My best guess is that how particles are normalized and/or how they are grouped are different. Re-extracting in RELION might help.

Because we don't use CS and CS is a huge black box, this is very hard to investigate, if not impossible. Perhaps asking this in the CCPEM mailing list might be better, because many people seem to go back and forth between two programs.

biochem-fan avatar Jun 12 '25 04:06 biochem-fan

Yeah, I normally go back and foward too between the software, but normally start in RELION and only import ptcle stacks into cSPARC if I have to..... So the:

corrupted double-linked list

Is not informative?

mbelouso avatar Jun 12 '25 05:06 mbelouso

So for some more troubleshooting:

If I run the command:

`which relion_refine_mpi` --o Class3D/job001/run --i J55_newoptics.star --ref J55_010_volume_map.mrc --firstiter_cc --trust_ref_size --ini_high 16 --dont_combine_weights_via_disc --pool 30 --pad 1  --ctf --iter 25 --tau2_fudge 4 --particle_diameter 170 --fast_subsets  --K 1 --flatten_solvent --zero_mask --strict_highres_exp 4 --oversampling 1 --healpix_order 2 --offset_range 5 --offset_step 2 --sym C1 --norm --scale  --j 1 --gpu ""  --pipeline_control Class3D/job001/

So basically the same as everything else, but turning off BLUSH, it fails at the maximisation step with this error:

corrupted size vs. prev_size
[piastri:1834812] *** Process received signal ***
[piastri:1834812] Signal: Aborted (6)
[piastri:1834812] Signal code:  (-6)

mbelouso avatar Jun 12 '25 05:06 mbelouso

It suggests some metadata are broken, but I don't know which. For example, rlnMicrographName and rlnGroupNumber are missing, which are used to make groups for scaling and sigma estimation. I don't know if they are essential, though.

Are you using cs2star or something? Asking the author or users of the script might help.

biochem-fan avatar Jun 12 '25 05:06 biochem-fan

It suggests some metadata are broken, but I don't know which. For example, rlnMicrographName and rlnGroupNumber are missing, which are used to make groups for scaling and sigma estimation. I don't know if they are essential, though.

Are you using cs2star or something? Asking the author or users of the script might help.

Yeah, but to get the bottom of it, you are right, it must have been something to do with particle normalization as when I ran a an Extract job in RELION on the curated cryoSPARC .star file, the 3D classification ran with no problems....

cheers

matt B

mbelouso avatar Jun 12 '25 06:06 mbelouso

What happens if you take a STAR file re-extracted by RELION (which contains rlnMicrographName and rlnGroupNumber) and swap particles (MRCS files) with those from CS? Then the full metadata are present but normalization is different. You can also try the other way, i.e., a cs2star output STAR file (which lacks some columns) but with RELION's particles.

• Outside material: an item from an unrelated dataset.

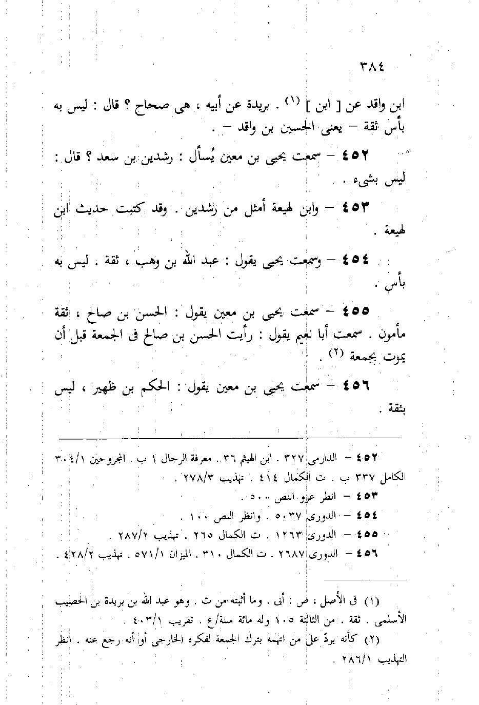 (452) سمعت يحيى يُسأل: رشدين بن سعد؟ قال: «ليس بشيء،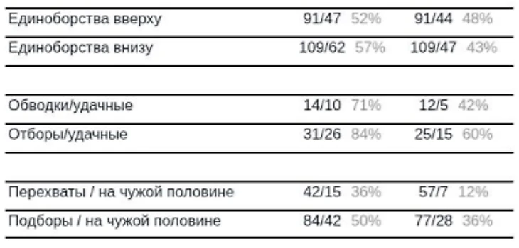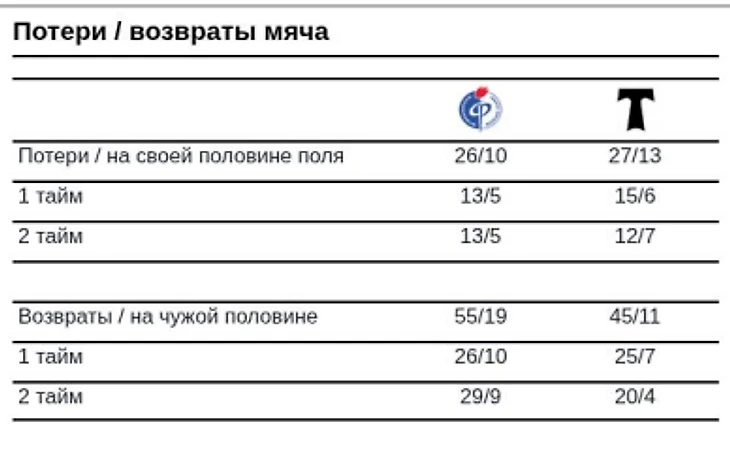 Кстати, о том, что «Торпедо» долго вкатывается в игру, говорит и такой показатель, как потери мяча на своей половине поля. Обратите внимание на цифры выше. Там мы видим, что потерь на своей половине поля у «Торпедо» в первом тайме было больше, нежели во втором. У «Факела» данный показатель в обоих таймах одинаковый. Это говорит о том, что команда действовала сбалансированно, не проседала в физике во втором тайме, что ранее наблюдалось при Шалимове. Даже более того, «Факел» во втором тайме стал больше наседать на «Торпедо». Об этом говорит большее количество возвратов на чужой половине поля во втором тайме. Здесь сказалось не только удаление у «Торпедо», но еще и грамотное тактическое перестроение от Василенко в связи с этим.

biochem-fan avatar Jun 12 '25 06:06 biochem-fan

I'll give it a try and get back to you.

mbelouso avatar Jun 13 '25 04:06 mbelouso

What happens if you take a STAR file re-extracted by RELION (which contains rlnMicrographName and rlnGroupNumber) and swap particles

I'm not sure Extract writes rlnGroupNumber if it doesn't exist? When trying to find the micrograph with bad particles leading to the "ERROR!!! zero sum of weights...." I've had to check the run_itNNN_data.star file from the job that crashed as rlnGroupNumber gets assigned when the particles are read in.

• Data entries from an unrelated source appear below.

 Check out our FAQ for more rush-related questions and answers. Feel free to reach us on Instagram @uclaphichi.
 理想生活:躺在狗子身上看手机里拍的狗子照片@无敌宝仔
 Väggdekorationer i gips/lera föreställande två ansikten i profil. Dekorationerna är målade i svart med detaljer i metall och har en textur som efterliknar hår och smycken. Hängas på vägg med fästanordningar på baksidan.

huwjenkins avatar Jun 13 '25 17:06 huwjenkins

I just tested with the pre-calculated results from the RELION-5 tutorial and if the input to Class3D is a particle star file with no rlnMicrographName column all particles are assigned to rlnGroupNumber 1....

huwjenkins avatar Jun 13 '25 18:06 huwjenkins

particle star file with no rlnMicrographName column all particles are assigned to rlnGroupNumber 1....

This is likely the cause. Scaling is essentially disabled.

@mbelouso Additional things to check:

  • make sure you state "the reference is NOT in the right gray scale" in the GUI.
  • where did your reference come from? If it is not from RELION, make one with relion_reconstruct (if the angles and shifts from CS are compatible and good enough) is also a good idea.

biochem-fan avatar Jun 13 '25 23:06 biochem-fan

particle star file with no rlnMicrographName column all particles are assigned to rlnGroupNumber 1....

This is likely the cause. Scaling is essentially disabled.

@mbelouso Additional things to check:

  • make sure you state "the reference is NOT in the right gray scale" in the GUI.
  • where did your reference come from? If it is not from RELION, make one with relion_reconstruct (if the angles and shifts from CS are compatible and good enough) is also a good idea.

So.... Here is the interesting thing. I did as you suggested and run relion_reconstruct (referencing the cSPARC extracted particles) first and used that as the initial model for C3D. Using the original cSPARC extracted files it runs fine. However, in my first attempt at it (the one that reproduced the erros), I did "reference is NOT in the right gray scale"....

It seems that it is certainly something to do with particle normalization and map scaling.

mbelouso avatar Jun 14 '25 01:06 mbelouso